Commodity prices surged with bullish implications for the dollar and shares after Goldman Sachs backed the asset class.

Oil is just one of the commodities set to benefit from stronger demand, according to Goldman Sachs.
Oil is just one of the commodities set to benefit from stronger demand, according to Goldman Sachs.

Commodity prices surged with bullish implications for the Australian dollar and shares after Goldman Sachs recommended overweight positions in the asset class for the first time in years.

Australia’s benchmark S&P/ASX 200 share index jumped 1.2 per cent to 5413.3 points yesterday as resources companies led broad-based gains amid strong gains in commodity futures. The dollar bounced to US74.05c after US dollar strength had pushed it down to five-month low of US73.11c.

Dalian iron ore futures jumped 6 per cent to 580.5 yuan a tonne, West Texas Intermediate crude oil rose 1.4 per cent to $US48.91 a barrel and London Metals Exchange copper jumped 2 per cent to $US2.58 a pound after Goldman Sachs said improving manufacturing activity and the likely formal ratification of production cuts by OPEC at next week’s meeting warranted an overweight position on commodities.

Goldman Sachs is the biggest bank by commodity trading ­revenue.

“Historically, when the US and Chinese output gap closes and inflation begins to rise, this has been a buy signal for commodities,” said the firm’s global head of commodities research, Jeffrey Currie.

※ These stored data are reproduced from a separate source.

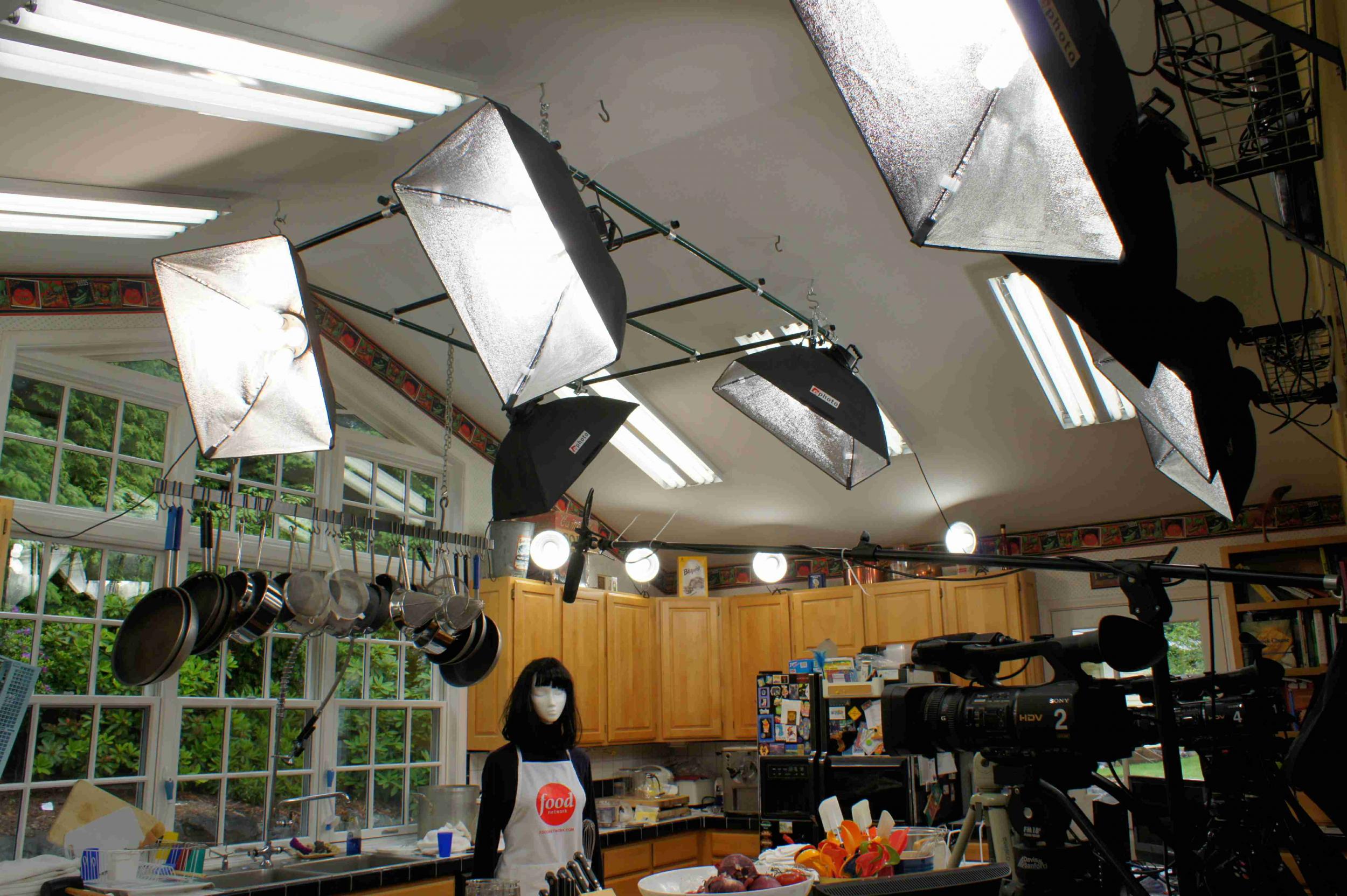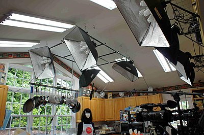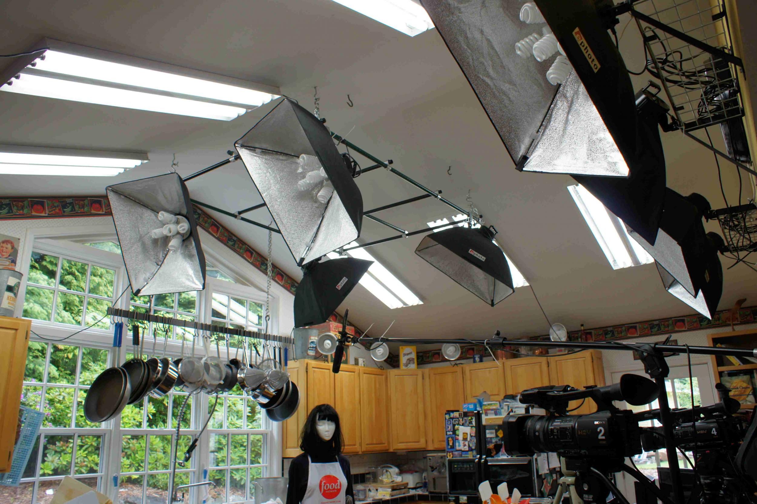 Our overall strategy was to make the inside light more like the outside, in both color and intensity. As the light changes so rapidly and frequently outside here in the Northwest -- both in intensity and in color -- we've laid in a supply of 1/4 orange (#3409), 1/4 plusgreen (#3316) and both 1-stop (#209) and 2-stop (#210) ND gel rolls, and are fabricating them in such a way as to get them up and down quickly as needed. We added four 30-amp circuits to the kitchen studio to accommodate the power requirements for lighting and to run the four cameras and monitors and other equipment. We've pumped the light levels inside the kitchen up so high that even with the windows ungelled, if it's a typical crappy Seattle day outside, it looks like night. We're using eight ceiling mounted CFL softboxes with the diffusers removed and a dozen CFL reflector floods at 5100K, total actual wattage about 3200W for an incandescent equivalent of about 12KW. The kitchen has a high vaulted ceiling so we built a lighting grid for much of the lighting as well as an overhead cam. We're doing test footage at the moment and we have the cams manually set to 5600K, a nice compromise between the 5100K lights inside and the very blue outside light, which can get as high as 6500K. This way the outside light still looks a little blue -- we have the gels to take care of that if it's too blue -- but inside the CFLs look warmer. The window faces east so we never really get any direct sunlight through that, as our talent is never awake before noon.
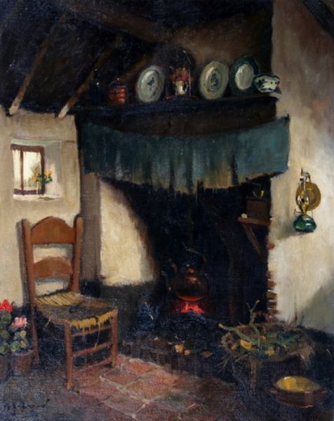 Interieur met brandende haard
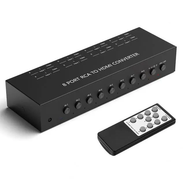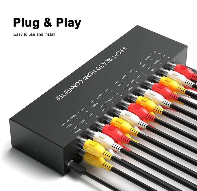 Converter Widely Compatiblity: Compatible with most RCA input devices. Compatible with Sega, WII, N64, NGC, SNES, PS1, PS2, PS3, Xbox, STB, VHS, VCR DVD Players, etc. HDMI output support TV and Projector, etc. NOTES1. Power supply needs to be connected. 2. It can not convert HDMI to AV converter. 3. 3D and 4K not supported. 4. Support warranty, If you have any use problems, please contact the seller's customer service, we will provide you with the most satisfactory after-sales service. Package Contents1* 8Port AV to HDMI Converter1* HDMI Cable1* UCB Type C Power Cable1* USB Power Adapter1* IR remote
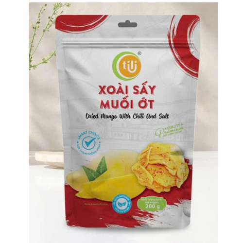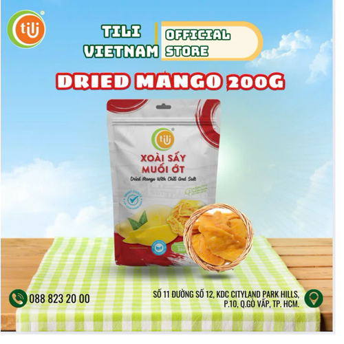TILI Dried Mango with Chili and Salt is a fruit snack made from ripe mango slices that are dried and lightly seasoned with chili powder and salt. The natural sweetness of mango is balanced with a mild heat and salty note, making it different from plain dried mango.
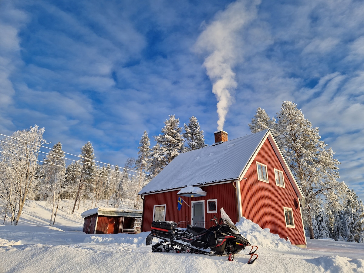¡Te damos la bienvenida a tu retiro en Laponia en Slussfors! Disfruta de la magia de este santuario de 80 metros cuadrados con 2 dormitorios, una cocina totalmente equipada y una sala de estar con chimenea. Ideal para noches acogedoras rodeada de la belleza de Laponia, es un paraíso para los amantes de la naturaleza: pesca, esquí, discgolf, senderismo, bayas y recolección de setas. Perfecto para una escapada vacacional o para pasar por el área. La casa tiene un gran césped y ofrece varios lugares de estacionamiento. En el pueblo Slussfors, tenemos una tienda muy bonita.
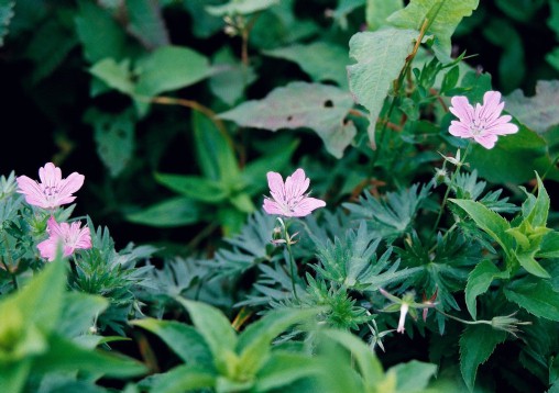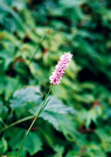 深山や高山の草原に咲く多年草で、径2.5〜3cmの淡紫紅色の
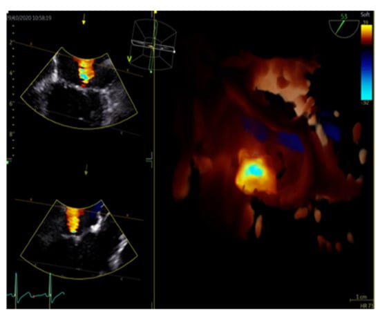 Three-dimensional image of the mitral valve along with color Doppler to visualize mitral regurgitation flow.
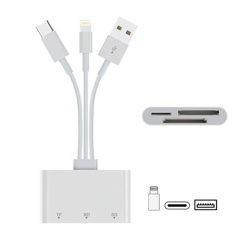 3in1 iPhone SDカードリーダーは、MFi認証の高品質製品で、Type-C、USB3.0、ライトニングに対応。SD、MicroSD、xDカードをサポートし、デジカメからの高速データ転送が可能。iPhone/iPad/Macbook/Androidに対応、設定不要で便利です。
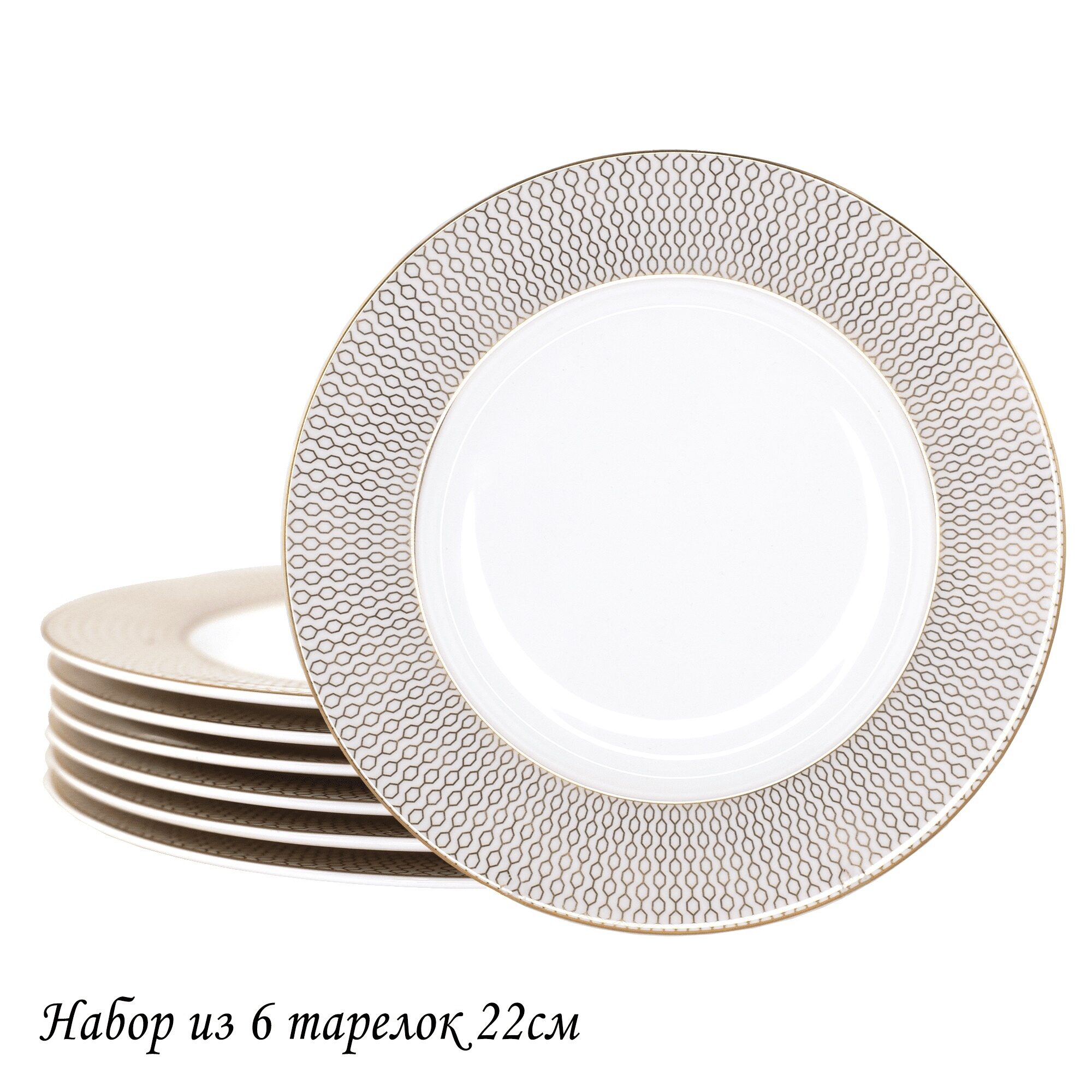 Lenardi 145-540 Набор из 6 тарелок 22см СЕВИЛЬЯ в под.уп.(х10)Костяной фарфор
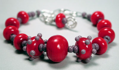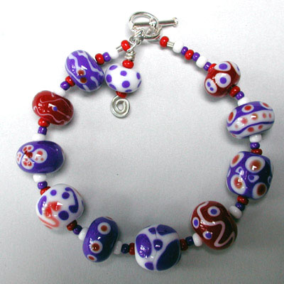 Red and Purple - Inspired by the poem, Warning, by Jenny Joseph, which starts out: When I am an old woman I shall wear purple - With a red hat which doesn't go and doesn't suit me, this bracelet has a fun and spunky personality all it's own. Handmade lampwork beads (not made by me this time) and sterling silver lobster claw clasp and chain. Adjustable from 7 inches to 8 1/2 inches. (Sold! - But I can make this or similar to order - $50.00 - just drop me a note.)
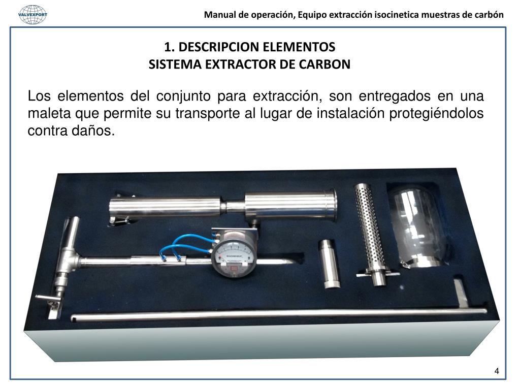 1. DESCRIPCION ELEMENTOS SISTEMA EXTRACTOR DE CARBON Los elementos del conjunto para extracción, son entregados en una maleta que permite su transporte al lugar de instalación protegiéndolos contra daños. 4
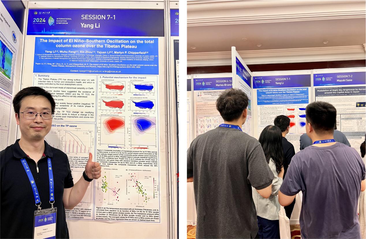 【本网讯】6月17日至21日,2024国际辐射大会(International Radiation Symposium2024; IRS2024)在杭州召开,本次大会由浙江大学主办,国际气象学与大气科学协会(IAMAS)国际辐射委员会(IRC)协办,旨在展示和讨论大气辐射领域的最新研究成果和技术发展。我校大气科学学院张小玲教授、李扬副教授、和周欣副教授应邀参加此次会议,并开展学术交流。张小玲在Session3: ParticalRadiative Properties分会场作题为“Carbonaceous Aerosol Pollution Characteristics and Radiation Effects in Chengdu, Southwest China”的墙报展示;周欣在Session 7: Wether, Climate and Enviroment Applications分会场作题为“Atmospheric and Near-term Climate Impacts of the 2022 Hunga Tonga-Hunga Ha’apai Water-rich Plume”的学术报告;李扬在此分会场作题为“The Impact of El Niño–Southern Oscillation on the Total Column Ozone over theTibetan Plateau”的墙报展示,并与国内外同行进行了热烈的讨论与交流。
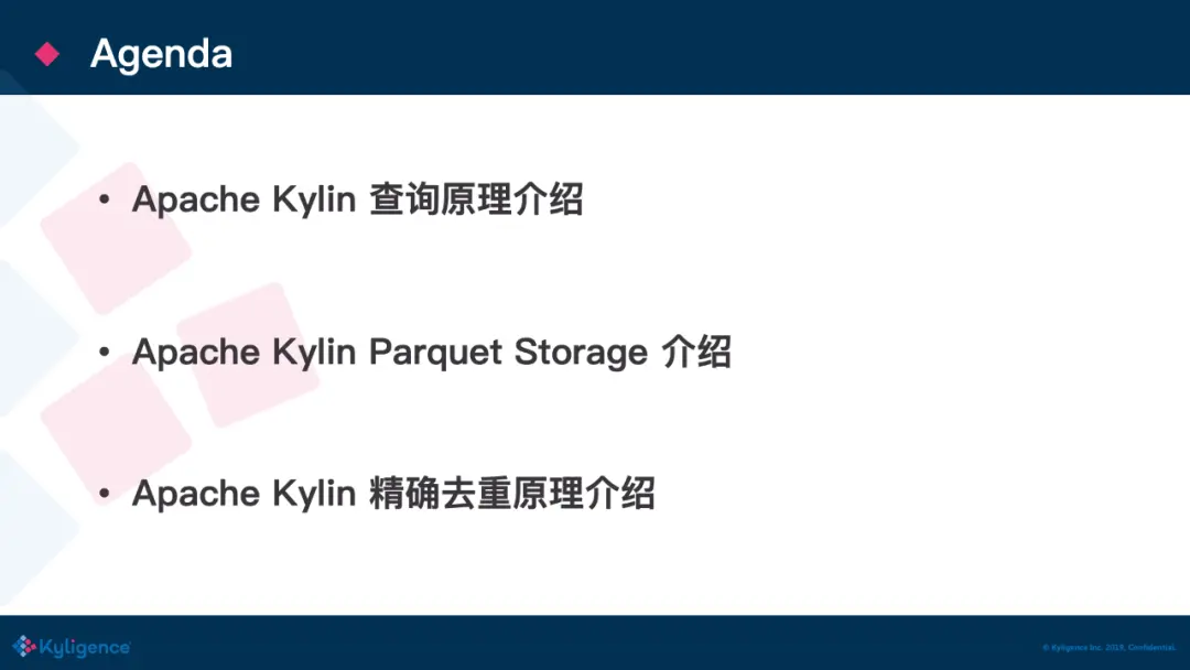 大家好,我是来自 Kyligence 的大数据开发工程师陶加涛,毕业之后就一直在 Kyligence 从事 Apache Kylin 的商业版本的研发。主要参与实现基于 Spark 的新一代的查询和构建引擎。今天议程分为三个方面:首先我会简单介绍下 Apache Kylin 以及它的查询原理,接下来我会介绍我们团队一直在做的 Parquet Storage,这个预计会在今年年底贡献回开源社区,最后我会介绍社区用户使用非常广泛的精确去重以及其在 Kylin 中的实现以及一些扩展。

“We believe the recent reacceleration in global PMIs suggests commodity markets are entering a cyclically stronger environment. Oil, natural gas, zinc, coking coal and nickel are all poised to benefit from a cyclically stronger demand backdrop due to supply restrictions from either policy actions on oil, coking coal and nickel or economic reductions on natural gas and zinc.”

Currie expects the S&P GSCI enhanced commodity index to rise 9 per cent in the next three months and 6 per cent over the next 12 months. WTI crude is expected to average $US55 a barrel in the first half of 2017, and spot iron ore is expected to trade around $US65 a tonne in the next few months before slipping to a still respectable $US55 by the end of 2017. However, spot gold is now expected to average $US1200 over the next six months amid US interest rate increases.

Coking coal is up 300 per cent, thermal coal 100 per cent and iron ore 80 per cent this year, with most of the gains occurring in the past two months amid economic stimulus, regulatory change and speculation in China.

The surge in bulk commodity prices has been one of the biggest surprises of 2016, while the degree to which it is sustained will make a big difference for the Australian economy.

The LME index of industrial metal prices has jumped 14 per cent in the past few weeks amid signs that China’s economic growth is stabilising and hopes that US president-elect Donald Trump’s plans for fiscal stimulus will boost demand. But while it is tempting to blame the sharp post-election rally in industrial metals prices on Trump’s platform of lower taxation and higher public spending on infrastructure, the main driver has been a continuation of a “reflation trend” caused by China’s early 2016 credit stimulus that was directed at infrastructure projects, and policy-driven supply curtailments in coal where China has 50 per cent of global production.

“Although this was policy-driven and a Trump victory increases the odds of further fiscal policy stimulus, these policy ­actions all act as a tailwind on a US economy in the later stages of a business cycle pushing near ­capacity,” Currie says.

He sees stronger commodity prices being consistent with a stronger US dollar next year, despite the normal inverse correlation between the two. That’s because oil prices aren’t expected to rise enough to significantly change the financial pressures on Emerging Markets producers.

“In a world where $US50-$US55 a barrel for oil now looks to be the long-run equilibrium price, there are no excessive windfall gains to be saved by commodity producers,” Currie says.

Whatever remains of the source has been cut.